Masyarakat Indonesia menghadapi tantangan serius dengan isu stunting pada anak-anak. Stunting, atau kondisi di mana anak mengalami pertumbuhan yang terhambat akibat kekurangan gizi, membawa dampak jangka panjang pada kesehatan dan perkembangan individu. Di Kabupaten Wajo, Sulawesi Selatan, angka stunting masih tinggi meskipun berbagai upaya telah dilakukan. Dalam konteks ini, pendekatan berbasis budaya lokal menjadi penting. Dengan memanfaatkan tradisi dan kebiasaan setempat, strategi pencegahan stunting dapat lebih diterima dan efektif di tengah masyarakat.

Keterkaitan antara budaya dan kesehatan tidak bisa diabaikan. Tradisi lokal sering kali sudah mengakar dalam kehidupan sehari-hari, membuatnya lebih mudah diterima oleh masyarakat. Selain itu, budaya lokal juga dapat menjadi alat yang kuat untuk menyebarkan informasi dan mendorong perubahan perilaku yang diperlukan untuk mencegah stunting. Dengan demikian, kombinasi antara pendekatan budaya dan intervensi kesehatan dapat menghasilkan hasil yang lebih baik dalam jangka panjang.

Pentingnya Pendekatan Budaya dalam Pencegahan Stunting

Pendekatan budaya memiliki keunggulan unik dalam pencegahan stunting. Ketika masyarakat merasa bahwa intervensi kesehatan tidak bertentangan dengan nilai-nilai lokal, mereka lebih mungkin menerima dan menerapkan perubahan. Sebagai contoh, di Wajo, tradisi lokal seperti "mappadendang" yang berfokus pada kebersamaan bisa menjadi momen untuk penyuluhan kesehatan. Masyarakat berkumpul, mendengarkan, dan berbagi pengetahuan yang bermanfaat bagi kesehatan anak-anak mereka.

Lebih jauh, pendekatan budaya memudahkan komunikasi. Bahasa lokal dan simbol-simbol budaya yang sudah dikenal dapat digunakan untuk menyampaikan pesan-pesan kesehatan. Ini bukan hanya meningkatkan pemahaman tetapi juga membangun kepercayaan di antara masyarakat. Ketika masyarakat percaya kepada para pelaku kesehatan, mereka lebih mungkin mengikuti rekomendasi yang diberikan. Oleh karena itu, integrasi budaya dalam program kesehatan harus menjadi prioritas dalam pencegahan stunting.

Namun, penting untuk diingat bahwa tidak semua aspek budaya mendukung kesehatan. Beberapa kebiasaan mungkin perlu diubah atau disesuaikan agar sesuai dengan tujuan kesehatan. Di sinilah dialog antara pemimpin komunitas dan tenaga kesehatan menjadi penting. Dengan saling menghormati dan bekerja sama, mereka dapat menemukan cara untuk menjaga nilai-nilai positif sambil mengurangi praktik yang merugikan kesehatan anak.

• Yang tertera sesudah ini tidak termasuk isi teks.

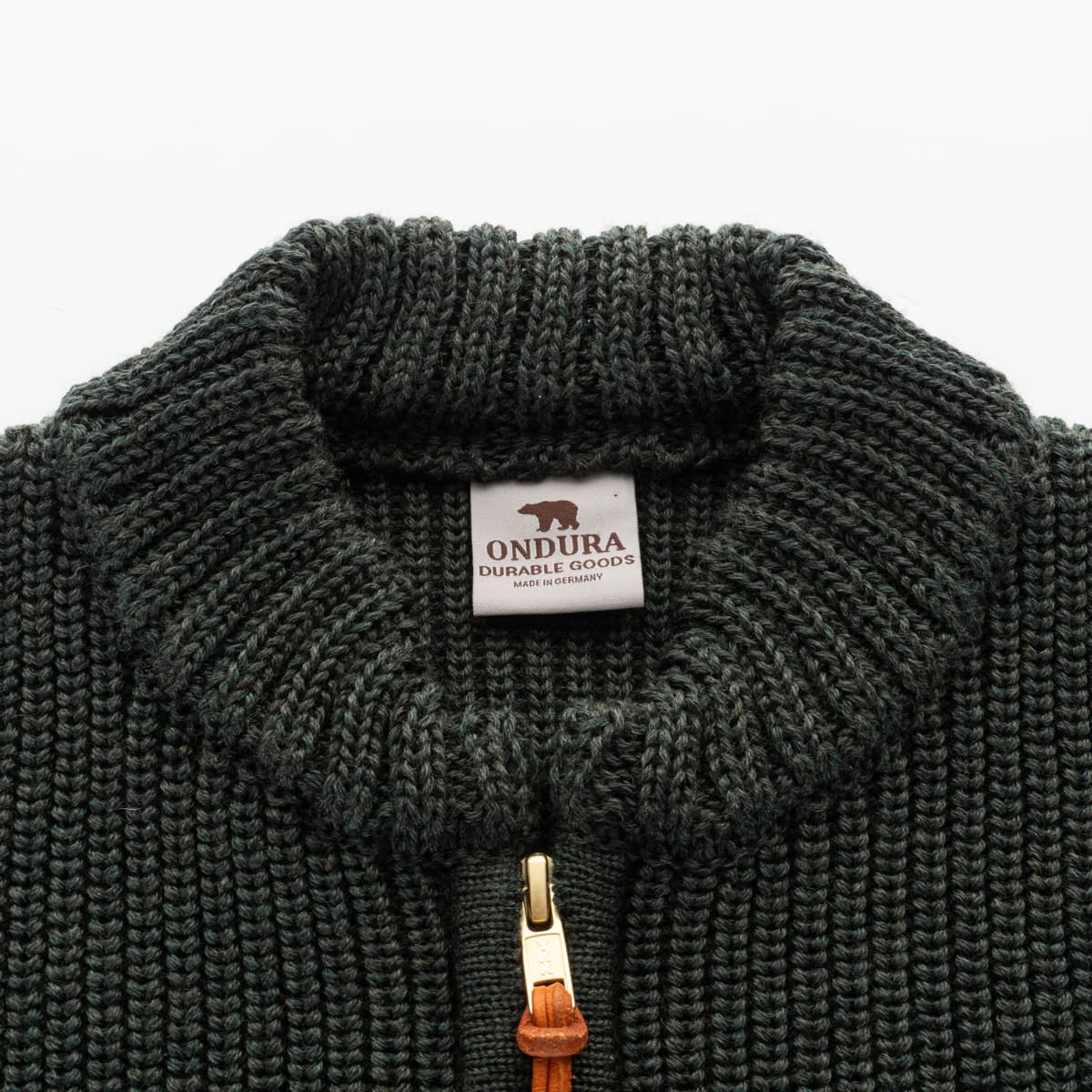 The Classic Cardigan by Ondura Durable Goods is a true statement of functional quality and timeless design. Knitted from 100% wool (Merino wool), it impresses with its natural warmth, breathability, and antibacterial properties. The chunky moss stitch texture and durable YKK two-way zipper highlight the garment's craftsmanship. A slightly raised collar offers protection against wind, while the small leather patch with embossed bear logo on the left sleeve adds a subtle brand detail. Made in Germany – a warm companion for cold days, outdoor activities, or as the perfect mid-layer under a leather jacket.

Mengintegrasikan Tradisi Lokal untuk Kesehatan Anak

Di Wajo, banyak tradisi lokal dapat dimanfaatkan untuk mendukung kesehatan anak. Salah satu contohnya adalah praktik "massure" atau pijat bayi yang dipercaya dapat memperkuat fisik anak. Praktik ini bisa dikombinasikan dengan penyuluhan nutrisi, sehingga orangtua tidak hanya mempraktikkan pijat, tetapi juga memahami pentingnya asupan gizi seimbang. Dengan cara ini, pengintegrasian tradisi lokal dapat memperkuat strategi pencegahan stunting.

Selain itu, kegiatan kebersamaan seperti "maccera’ manurung" yang biasanya dilaksanakan sebagai ungkapan syukur dapat dijadikan ajang penyuluhan kesehatan. Dalam acara ini, tenaga kesehatan bisa memanfaatkan kesempatan untuk berbicara tentang pentingnya nutrisi dan sanitasi. Dengan cara ini, masyarakat tidak merasa digurui, melainkan merasa bahwa kesehatan adalah bagian dari kegiatan tradisional yang sudah mereka kenal.

Peran tokoh adat dan pemimpin masyarakat tidak kalah pentingnya. Mereka dapat menjadi jembatan antara pelaku kesehatan dan masyarakat. Dengan dukungan mereka, pesan-pesan kesehatan lebih mudah diterima. Jadi, kolaborasi dengan tokoh-tokoh ini harus menjadi bagian integral dari strategi pencegahan stunting yang berbasis budaya lokal di Wajo. Hal ini akan memastikan bahwa upaya kesehatan tidak hanya berkelanjutan tetapi juga efektif.